We slid what little of the puzzle we had completed onto an unused presentation board so that it could be stored outside. The board allows us to leave the puzzle on the picnic table over night tucked safely from the family of four rambunctious raccoons and other neighborhood nocturnal wildlife who have adopted my boy's ninja warrior pool as a watering hole—check out the foot print!
So with only a few days of summer left, unplug in the great outdoors!
This summer we launched a visual literacy campaign inside my guild. We began with observational exercises. I call this close looking. The goal is to discover and decode the phonics of visual art—line, texture, value, shape, color. We began with Paul Klee.
Paul Klee wanted his make-believe faces to be truer than true ones. He wanted to portray complex emotions in his simple paintings, not just what the eye is able to see on the outside. Head of a Man, Going Senile or Senecio, is a perfect painting to learn just how he accomplished this task.
Spend some time exploring Klee's original.
Always use art vocabulary to guide the observation:
What is the personality of the lives in the painting?
What geometric shapes do you see?
Is the composition symmetrical or asymmetrical?
Is the texture smooth or rough?
Are the values bright or dull?
Is the color warm or cool?
Is the portraiture realistic or abstract?
This particular work was painted in 1922 while Paul Klee was teaching at the Bauhaus in Welmar. The painting now resides in the Kunstmuseum Basel in Switzerland.
Klee is famous for his experiments with bold color. In this painting, notice how the variations of color in the face contrast with each other and how the combined facial colors contrast with the bright orange background. Look closely, notice how the hot red eyes seem to jump off the canvas.

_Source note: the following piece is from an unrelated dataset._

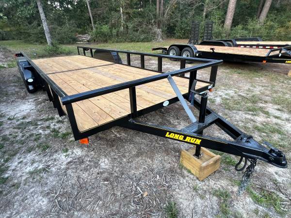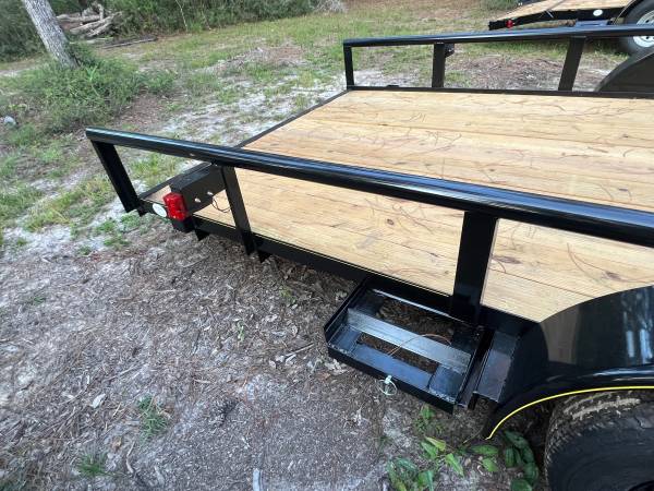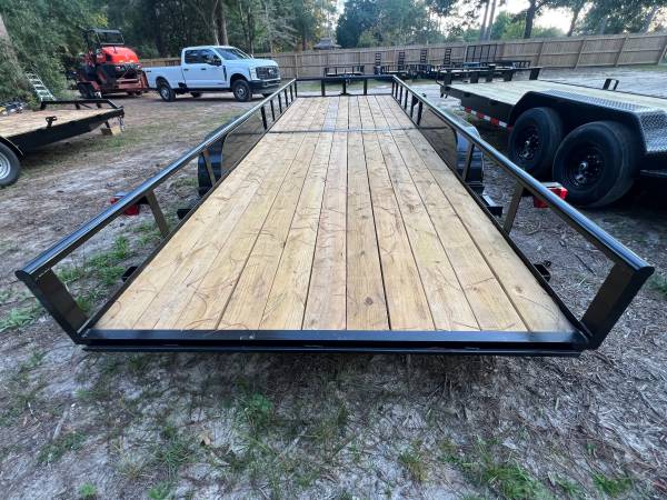 New 7 x 22 Pipe Top Utility Trailer : tandem 3500# Dexter axles : brakes on rear axle : Treated 2x8 decking : 15”wheels with radial tires : Welded spare tire mount : set back jack : 2” coupler :...

The simple, flat construction of the shapes is child-like—quintessential Klee. Klee used simple geometry to communicate complex mood and this is what makes his art unique.
The colors in this painting are warm and the shapes are simple. But this doesn't mean the composition is simple. Quite the contrary, the warm colors are complex, the simple shapes are constructed in a simply complex manner. And the best way to discover this complexity is to slow down, read the painting closely, and make a copy.
To copy the abstract face you will need:
- Acrylic Paints
- Paper Towels
1. Begin by mixing little tubs of paints that match the canvas, set aside.
2. Sketch Head of a Man onto the canvas lightly with pencil, paying careful attention to think proportionally.
3. Block in the colors using the paint in a thin manner with a bit more water.
4. Layer paint using a dry brush technique until the desired effect is achieved.
A close study of an abstract work of art takes time, cultivates patience and a host of wonderful character traits in the apprentice. But the most important benefit of a close reading of a painting such as this is the discovery that each line, each stroke of color, each simply constructed shape is certain phonics with vast potential to speak.